Although planning is one of the oldest research areas of AI, recent years have brought many dramatic advances in both its theory and practice. On the theory side, we now understand the deep connections among AI planning, constraint satisfaction, logic and operations research. On the practical side, we have effective ways of capturing and using domain-specific control knowledge, and have planners that are capable of synthesizing plans with hundred or more actions in minutes. These, in short, are exciting times for AI planning research.
This tutorial will provide a comprehensive overview of the field, placing both the traditional ideas and the recent advances in a unified perspective, and delineating their application potential. Our primary emphasis will be on planning in deterministic domains, although we shall make several connections to scheduling as well as planning in stochastic domains.
The tutorial should be accessible to anyone with basic computer science and AI background.
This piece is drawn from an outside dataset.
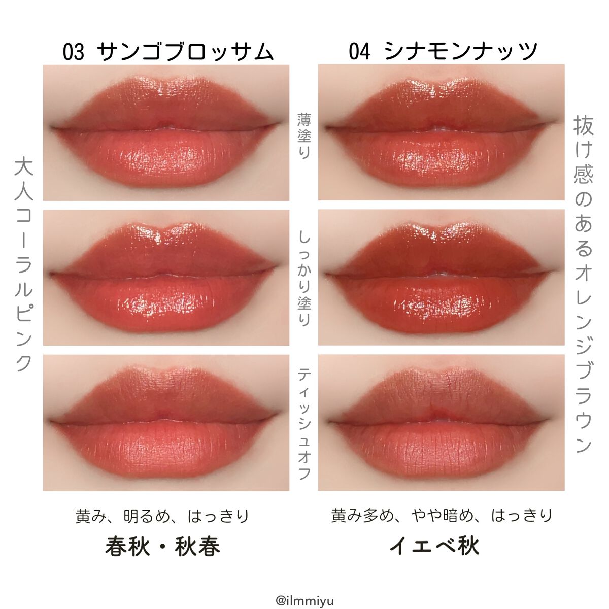 - <01 カーディナルローズ> 水、ダイマージリノール酸ダイマージリノレイル、ジフェニルジメチコン、ジフェニルシロキシフェニルトリメチコン、オクチルドデカノール、トリイソステアリン酸ポリグリセリルー2、ラウロイルグルタミン酸ジ(フィトステリル/オクチルドデシル)、ダイマージリノール酸(フィトステリル/イソステアリル/セチル/ステアリル/ベヘニル)、BG、水添ポリイソブテン、グリセリン、セテスー10、エタノール、セチルPEG/PPGー10/1ジメチコン、(アクリル酸ヒドロキシエチル/アクリロイルジメチルタウリンNa)コポリマー、イソヘキサデカン、フェノキシエタノール、メチルパラベン、ポリソルベート60、トコフェロール、エチルパラベン、デヒドロ酢酸Na、リン酸2Na、リン酸Na、シリカ、シメチコン、ハチミツ、スクワラン、ステアリン酸ソルビタン、ステアリン酸グリセリル、オレイン酸ポリグリセリルー10、セルロースガム、ヒアルロン酸Na、ローズマリー葉エキス、(+/ー)酸化鉄、酸化チタン、アクリレーツコポリマーアンモニウム、赤226、赤227、黄4、ポリアスパラギン酸Na、水酸化Al、PVP、キサンタンガム、EDTAー2Na、青1 <02 クラシカルプラム> 水、ダイマージリノール酸ダイマージリノレイル、ジフェニルジメチコン、ジフェニルシロキシフェニルトリメチコン、オクチルドデカノール、トリイソステアリン酸ポリグリセリルー2、ラウロイルグルタミン酸ジ(フィトステリル/オクチルドデシル)、ダイマージリノール酸(フィトステリル/イソステアリル/セチル/ステアリル/ベヘニル)、BG、水添ポリイソブテン、グリセリン、セテスー10、エタノール、セチルPEG/PPGー10/1ジメチコン、(アクリル酸ヒドロキシエチル/アクリロイルジメチルタウリンNa)コポリマー、イソヘキサデカン、フェノキシエタノール、メチルパラベン、ポリソルベート60、トコフェロール、エチルパラベン、デヒドロ酢酸Na、リン酸2Na、リン酸Na、シリカ、シメチコン、ハチミツ、スクワラン、ステアリン酸ソルビタン、ステアリン酸グリセリル、オレイン酸ポリグリセリルー10、セルロースガム、ヒアルロン酸Na、ローズマリー葉エキス、(+/ー)酸化鉄、酸化チタン、アクリレーツコポリマーアンモニウム、赤226、赤227、黄4、ポリアスパラギン酸Na、水酸化Al、PVP、キサンタンガム、EDTAー2Na、青1 <03 サンゴブロッサム> 水、ダイマージリノール酸ダイマージリノレイル、ジフェニルジメチコン、ジフェニルシロキシフェニルトリメチコン、オクチルドデカノール、トリイソステアリン酸ポリグリセリルー2、ラウロイルグルタミン酸ジ(フィトステリル/オクチルドデシル)、ダイマージリノール酸(フィトステリル/イソステアリル/セチル/ステアリル/ベヘニル)、BG、水添ポリイソブテン、グリセリン、セテスー10、エタノール、セチルPEG/PPGー10/1ジメチコン、(アクリル酸ヒドロキシエチル/アクリロイルジメチルタウリンNa)コポリマー、イソヘキサデカン、フェノキシエタノール、メチルパラベン、ポリソルベート60、トコフェロール、エチルパラベン、デヒドロ酢酸Na、リン酸2Na、リン酸Na、シリカ、シメチコン、ハチミツ、スクワラン、ステアリン酸ソルビタン、ステアリン酸グリセリル、オレイン酸ポリグリセリルー10、セルロースガム、ヒアルロン酸Na、ローズマリー葉エキス、(+/ー)酸化鉄、酸化チタン、アクリレーツコポリマーアンモニウム、赤226、赤227、黄4、ポリアスパラギン酸Na、水酸化Al、PVP、キサンタンガム、EDTAー2Na、青1 <04 シナモンナッツ> 水、ダイマージリノール酸ダイマージリノレイル、ジフェニルジメチコン、ジフェニルシロキシフェニルトリメチコン、オクチルドデカノール、トリイソステアリン酸ポリグリセリルー2、ラウロイルグルタミン酸ジ(フィトステリル/オクチルドデシル)、ダイマージリノール酸(フィトステリル/イソステアリル/セチル/ステアリル/ベヘニル)、BG、水添ポリイソブテン、グリセリン、セテスー10、エタノール、セチルPEG/PPGー10/1ジメチコン、(アクリル酸ヒドロキシエチル/アクリロイルジメチルタウリンNa)コポリマー、イソヘキサデカン、フェノキシエタノール、メチルパラベン、ポリソルベート60、トコフェロール、エチルパラベン、デヒドロ酢酸Na、リン酸2Na、リン酸Na、シリカ、シメチコン、ハチミツ、スクワラン、ステアリン酸ソルビタン、ステアリン酸グリセリル、オレイン酸ポリグリセリルー10、セルロースガム、ヒアルロン酸Na、ローズマリー葉エキス、(+/ー)酸化鉄、酸化チタン、アクリレーツコポリマーアンモニウム、赤226、赤227、黄4、ポリアスパラギン酸Na、水酸化Al、PVP、キサンタンガム、EDTAー2Na、青1 <05 カヌレブラウン> 水、ダイマージリノール酸ダイマージリノレイル、ジフェニルジメチコン、ジフェニルシロキシフェニルトリメチコン、オクチルドデカノール、トリイソステアリン酸ポリグリセリルー2、ラウロイルグルタミン酸ジ(フィトステリル/オクチルドデシル)、ダイマージリノール酸(フ

Subbarao Kambhampati is an associate professor of computer science at Arizona State University, where he directs the YOCHAN research group. He received his bachelors degree in electrical engineering from Indian Institute of Technology, Madras, and M.S. and Ph.D. degrees in Computer Science from University of Maryland, College Park. He has published over seventy technical articles on planning, learning and related areas of AI. He was a 1994 NSF Young Investigator and a 1996 AAAI invited speaker. He has taught courses and has published several tutorial articles on AI planning, and is the author of a 1997 IJCAI challenge paper on bridging plan-synthesis paradigms.